BEGIN GIVEN INFORMATION

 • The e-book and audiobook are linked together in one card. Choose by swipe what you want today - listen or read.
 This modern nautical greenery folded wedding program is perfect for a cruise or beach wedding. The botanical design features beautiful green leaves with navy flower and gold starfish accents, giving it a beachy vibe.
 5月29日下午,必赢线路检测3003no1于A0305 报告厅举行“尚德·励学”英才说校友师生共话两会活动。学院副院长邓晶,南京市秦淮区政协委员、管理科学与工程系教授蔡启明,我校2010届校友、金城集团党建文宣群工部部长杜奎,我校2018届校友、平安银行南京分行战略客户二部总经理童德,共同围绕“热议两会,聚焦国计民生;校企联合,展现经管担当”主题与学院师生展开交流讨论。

END GIVEN INFORMATION
BEGIN GIVEN INFORMATION

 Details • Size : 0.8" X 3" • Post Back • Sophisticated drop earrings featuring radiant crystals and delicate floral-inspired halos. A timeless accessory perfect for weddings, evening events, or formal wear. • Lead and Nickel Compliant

END GIVEN INFORMATION

Could you restate, word for word, the lines above from the one with "listen or read." to the one with "5月29日下午,必赢线路检测", both included?

 • The e-book and audiobook are linked together in one card. Choose by swipe what you want today - listen or read.
 This modern nautical greenery folded wedding program is perfect for a cruise or beach wedding. The botanical design features beautiful green leaves with navy flower and gold starfish accents, giving it a beachy vibe.
 5月29日下午,必赢线路检测3003no1于A0305 报告厅举行“尚德·励学”英才说校友师生共话两会活动。学院副院长邓晶,南京市秦淮区政协委员、管理科学与工程系教授蔡启明,我校2010届校友、金城集团党建文宣群工部部长杜奎,我校2018届校友、平安银行南京分行战略客户二部总经理童德,共同围绕“热议两会,聚焦国计民生;校企联合,展现经管担当”主题与学院师生展开交流讨论。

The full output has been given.